The reply has to contain each record exactly as written.

Dataset entries
§
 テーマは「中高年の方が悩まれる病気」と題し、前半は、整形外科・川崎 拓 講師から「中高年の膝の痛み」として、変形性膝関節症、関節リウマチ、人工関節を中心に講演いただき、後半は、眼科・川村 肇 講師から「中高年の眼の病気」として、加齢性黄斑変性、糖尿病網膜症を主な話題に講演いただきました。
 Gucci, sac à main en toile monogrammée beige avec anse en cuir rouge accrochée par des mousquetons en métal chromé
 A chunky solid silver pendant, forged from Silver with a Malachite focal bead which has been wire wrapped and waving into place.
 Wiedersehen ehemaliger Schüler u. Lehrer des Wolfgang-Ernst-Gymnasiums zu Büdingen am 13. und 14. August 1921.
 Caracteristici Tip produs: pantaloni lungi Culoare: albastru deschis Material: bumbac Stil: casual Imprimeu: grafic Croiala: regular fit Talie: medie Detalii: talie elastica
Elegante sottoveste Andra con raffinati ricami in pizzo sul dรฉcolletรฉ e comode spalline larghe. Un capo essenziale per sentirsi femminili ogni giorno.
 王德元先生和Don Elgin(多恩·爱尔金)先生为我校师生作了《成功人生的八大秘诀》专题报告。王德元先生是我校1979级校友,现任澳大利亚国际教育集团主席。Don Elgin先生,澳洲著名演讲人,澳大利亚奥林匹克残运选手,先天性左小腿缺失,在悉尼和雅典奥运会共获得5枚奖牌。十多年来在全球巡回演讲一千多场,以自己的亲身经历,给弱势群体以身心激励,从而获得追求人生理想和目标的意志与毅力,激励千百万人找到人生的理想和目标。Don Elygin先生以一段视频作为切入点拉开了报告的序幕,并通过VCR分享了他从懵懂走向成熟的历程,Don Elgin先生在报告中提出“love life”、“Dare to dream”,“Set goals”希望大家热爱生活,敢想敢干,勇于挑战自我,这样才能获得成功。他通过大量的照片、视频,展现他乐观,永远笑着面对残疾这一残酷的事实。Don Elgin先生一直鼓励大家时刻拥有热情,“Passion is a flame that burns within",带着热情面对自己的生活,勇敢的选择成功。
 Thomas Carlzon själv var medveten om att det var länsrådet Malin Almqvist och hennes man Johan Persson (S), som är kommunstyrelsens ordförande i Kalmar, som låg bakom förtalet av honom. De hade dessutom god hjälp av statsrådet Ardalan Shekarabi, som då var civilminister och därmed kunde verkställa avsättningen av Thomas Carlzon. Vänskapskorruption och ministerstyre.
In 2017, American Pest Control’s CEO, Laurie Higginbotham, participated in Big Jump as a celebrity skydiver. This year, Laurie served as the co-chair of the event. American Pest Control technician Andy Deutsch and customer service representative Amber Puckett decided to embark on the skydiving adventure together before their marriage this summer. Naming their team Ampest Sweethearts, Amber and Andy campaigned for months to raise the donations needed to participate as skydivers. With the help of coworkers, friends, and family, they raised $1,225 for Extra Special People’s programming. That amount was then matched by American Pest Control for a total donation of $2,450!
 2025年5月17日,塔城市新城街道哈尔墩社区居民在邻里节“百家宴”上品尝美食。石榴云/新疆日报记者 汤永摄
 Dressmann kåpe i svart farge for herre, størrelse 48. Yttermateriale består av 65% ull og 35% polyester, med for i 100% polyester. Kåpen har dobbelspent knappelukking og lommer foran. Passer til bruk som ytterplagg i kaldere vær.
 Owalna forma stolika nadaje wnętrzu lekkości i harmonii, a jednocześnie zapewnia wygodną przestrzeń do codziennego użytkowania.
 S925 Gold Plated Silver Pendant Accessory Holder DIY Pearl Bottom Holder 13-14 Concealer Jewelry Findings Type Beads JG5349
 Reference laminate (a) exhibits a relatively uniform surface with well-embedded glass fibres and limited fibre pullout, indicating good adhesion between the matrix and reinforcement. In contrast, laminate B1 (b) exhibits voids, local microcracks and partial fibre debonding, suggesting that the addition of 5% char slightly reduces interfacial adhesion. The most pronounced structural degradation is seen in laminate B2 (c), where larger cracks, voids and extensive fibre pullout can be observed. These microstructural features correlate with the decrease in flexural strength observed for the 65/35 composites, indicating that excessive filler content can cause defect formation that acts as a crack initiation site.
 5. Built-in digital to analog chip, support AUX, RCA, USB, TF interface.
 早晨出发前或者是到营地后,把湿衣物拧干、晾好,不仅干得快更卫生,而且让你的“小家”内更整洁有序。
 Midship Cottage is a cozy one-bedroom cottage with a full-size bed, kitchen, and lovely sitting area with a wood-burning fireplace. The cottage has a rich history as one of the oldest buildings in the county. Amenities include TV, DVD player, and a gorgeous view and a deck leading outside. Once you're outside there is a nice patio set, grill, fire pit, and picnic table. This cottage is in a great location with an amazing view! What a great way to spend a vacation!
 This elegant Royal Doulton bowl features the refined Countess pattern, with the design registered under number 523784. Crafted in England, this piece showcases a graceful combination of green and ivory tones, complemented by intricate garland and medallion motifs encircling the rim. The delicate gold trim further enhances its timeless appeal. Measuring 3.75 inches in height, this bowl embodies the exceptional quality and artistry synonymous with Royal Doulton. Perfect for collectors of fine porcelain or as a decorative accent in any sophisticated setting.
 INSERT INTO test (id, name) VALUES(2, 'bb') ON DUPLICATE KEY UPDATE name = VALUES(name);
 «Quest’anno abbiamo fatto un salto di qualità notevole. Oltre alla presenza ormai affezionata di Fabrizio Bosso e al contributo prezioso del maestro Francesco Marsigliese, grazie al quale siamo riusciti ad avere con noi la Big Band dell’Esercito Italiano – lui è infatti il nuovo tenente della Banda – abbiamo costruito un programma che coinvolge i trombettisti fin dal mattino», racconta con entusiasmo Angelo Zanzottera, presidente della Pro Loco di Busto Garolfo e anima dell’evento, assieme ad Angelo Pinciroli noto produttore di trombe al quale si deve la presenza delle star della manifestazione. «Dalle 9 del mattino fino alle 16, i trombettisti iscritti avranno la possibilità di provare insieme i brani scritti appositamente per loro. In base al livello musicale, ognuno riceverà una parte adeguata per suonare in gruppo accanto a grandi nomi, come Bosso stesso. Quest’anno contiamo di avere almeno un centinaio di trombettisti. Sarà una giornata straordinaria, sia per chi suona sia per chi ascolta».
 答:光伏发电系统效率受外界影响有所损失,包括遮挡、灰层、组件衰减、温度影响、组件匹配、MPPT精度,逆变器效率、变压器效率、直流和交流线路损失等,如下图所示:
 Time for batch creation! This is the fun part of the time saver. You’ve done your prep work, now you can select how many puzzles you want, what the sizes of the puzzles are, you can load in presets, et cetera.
§
# [Reply to the task]
 テーマは「中高年の方が悩まれる病気」と題し、前半は、整形外科・川崎 拓 講師から「中高年の膝の痛み」として、変形性膝関節症、関節リウマチ、人工関節を中心に講演いただき、後半は、眼科・川村 肇 講師から「中高年の眼の病気」として、加齢性黄斑変性、糖尿病網膜症を主な話題に講演いただきました。
 Gucci, sac à main en toile monogrammée beige avec anse en cuir rouge accrochée par des mousquetons en métal chromé
 A chunky solid silver pendant, forged from Silver with a Malachite focal bead which has been wire wrapped and waving into place.
 Wiedersehen ehemaliger Schüler u. Lehrer des Wolfgang-Ernst-Gymnasiums zu Büdingen am 13. und 14. August 1921.
 Caracteristici Tip produs: pantaloni lungi Culoare: albastru deschis Material: bumbac Stil: casual Imprimeu: grafic Croiala: regular fit Talie: medie Detalii: talie elastica
Elegante sottoveste Andra con raffinati ricami in pizzo sul dรฉcolletรฉ e comode spalline larghe. Un capo essenziale per sentirsi femminili ogni giorno.
 王德元先生和Don Elgin(多恩·爱尔金)先生为我校师生作了《成功人生的八大秘诀》专题报告。王德元先生是我校1979级校友,现任澳大利亚国际教育集团主席。Don Elgin先生,澳洲著名演讲人,澳大利亚奥林匹克残运选手,先天性左小腿缺失,在悉尼和雅典奥运会共获得5枚奖牌。十多年来在全球巡回演讲一千多场,以自己的亲身经历,给弱势群体以身心激励,从而获得追求人生理想和目标的意志与毅力,激励千百万人找到人生的理想和目标。Don Elygin先生以一段视频作为切入点拉开了报告的序幕,并通过VCR分享了他从懵懂走向成熟的历程,Don Elgin先生在报告中提出“love life”、“Dare to dream”,“Set goals”希望大家热爱生活,敢想敢干,勇于挑战自我,这样才能获得成功。他通过大量的照片、视频,展现他乐观,永远笑着面对残疾这一残酷的事实。Don Elgin先生一直鼓励大家时刻拥有热情,“Passion is a flame that burns within",带着热情面对自己的生活,勇敢的选择成功。
 Thomas Carlzon själv var medveten om att det var länsrådet Malin Almqvist och hennes man Johan Persson (S), som är kommunstyrelsens ordförande i Kalmar, som låg bakom förtalet av honom. De hade dessutom god hjälp av statsrådet Ardalan Shekarabi, som då var civilminister och därmed kunde verkställa avsättningen av Thomas Carlzon. Vänskapskorruption och ministerstyre.
In 2017, American Pest Control’s CEO, Laurie Higginbotham, participated in Big Jump as a celebrity skydiver. This year, Laurie served as the co-chair of the event. American Pest Control technician Andy Deutsch and customer service representative Amber Puckett decided to embark on the skydiving adventure together before their marriage this summer. Naming their team Ampest Sweethearts, Amber and Andy campaigned for months to raise the donations needed to participate as skydivers. With the help of coworkers, friends, and family, they raised $1,225 for Extra Special People’s programming. That amount was then matched by American Pest Control for a total donation of $2,450!
 2025年5月17日,塔城市新城街道哈尔墩社区居民在邻里节“百家宴”上品尝美食。石榴云/新疆日报记者 汤永摄
 Dressmann kåpe i svart farge for herre, størrelse 48. Yttermateriale består av 65% ull og 35% polyester, med for i 100% polyester. Kåpen har dobbelspent knappelukking og lommer foran. Passer til bruk som ytterplagg i kaldere vær.
 Owalna forma stolika nadaje wnętrzu lekkości i harmonii, a jednocześnie zapewnia wygodną przestrzeń do codziennego użytkowania.
 S925 Gold Plated Silver Pendant Accessory Holder DIY Pearl Bottom Holder 13-14 Concealer Jewelry Findings Type Beads JG5349
 Reference laminate (a) exhibits a relatively uniform surface with well-embedded glass fibres and limited fibre pullout, indicating good adhesion between the matrix and reinforcement. In contrast, laminate B1 (b) exhibits voids, local microcracks and partial fibre debonding, suggesting that the addition of 5% char slightly reduces interfacial adhesion. The most pronounced structural degradation is seen in laminate B2 (c), where larger cracks, voids and extensive fibre pullout can be observed. These microstructural features correlate with the decrease in flexural strength observed for the 65/35 composites, indicating that excessive filler content can cause defect formation that acts as a crack initiation site.
 5. Built-in digital to analog chip, support AUX, RCA, USB, TF interface.
 早晨出发前或者是到营地后,把湿衣物拧干、晾好,不仅干得快更卫生,而且让你的“小家”内更整洁有序。
 Midship Cottage is a cozy one-bedroom cottage with a full-size bed, kitchen, and lovely sitting area with a wood-burning fireplace. The cottage has a rich history as one of the oldest buildings in the county. Amenities include TV, DVD player, and a gorgeous view and a deck leading outside. Once you're outside there is a nice patio set, grill, fire pit, and picnic table. This cottage is in a great location with an amazing view! What a great way to spend a vacation!
 This elegant Royal Doulton bowl features the refined Countess pattern, with the design registered under number 523784. Crafted in England, this piece showcases a graceful combination of green and ivory tones, complemented by intricate garland and medallion motifs encircling the rim. The delicate gold trim further enhances its timeless appeal. Measuring 3.75 inches in height, this bowl embodies the exceptional quality and artistry synonymous with Royal Doulton. Perfect for collectors of fine porcelain or as a decorative accent in any sophisticated setting.
 INSERT INTO test (id, name) VALUES(2, 'bb') ON DUPLICATE KEY UPDATE name = VALUES(name);
 «Quest’anno abbiamo fatto un salto di qualità notevole. Oltre alla presenza ormai affezionata di Fabrizio Bosso e al contributo prezioso del maestro Francesco Marsigliese, grazie al quale siamo riusciti ad avere con noi la Big Band dell’Esercito Italiano – lui è infatti il nuovo tenente della Banda – abbiamo costruito un programma che coinvolge i trombettisti fin dal mattino», racconta con entusiasmo Angelo Zanzottera, presidente della Pro Loco di Busto Garolfo e anima dell’evento, assieme ad Angelo Pinciroli noto produttore di trombe al quale si deve la presenza delle star della manifestazione. «Dalle 9 del mattino fino alle 16, i trombettisti iscritti avranno la possibilità di provare insieme i brani scritti appositamente per loro. In base al livello musicale, ognuno riceverà una parte adeguata per suonare in gruppo accanto a grandi nomi, come Bosso stesso. Quest’anno contiamo di avere almeno un centinaio di trombettisti. Sarà una giornata straordinaria, sia per chi suona sia per chi ascolta».
 答:光伏发电系统效率受外界影响有所损失,包括遮挡、灰层、组件衰减、温度影响、组件匹配、MPPT精度,逆变器效率、变压器效率、直流和交流线路损失等,如下图所示:
 Time for batch creation! This is the fun part of the time saver. You’ve done your prep work, now you can select how many puzzles you want, what the sizes of the puzzles are, you can load in presets, et cetera.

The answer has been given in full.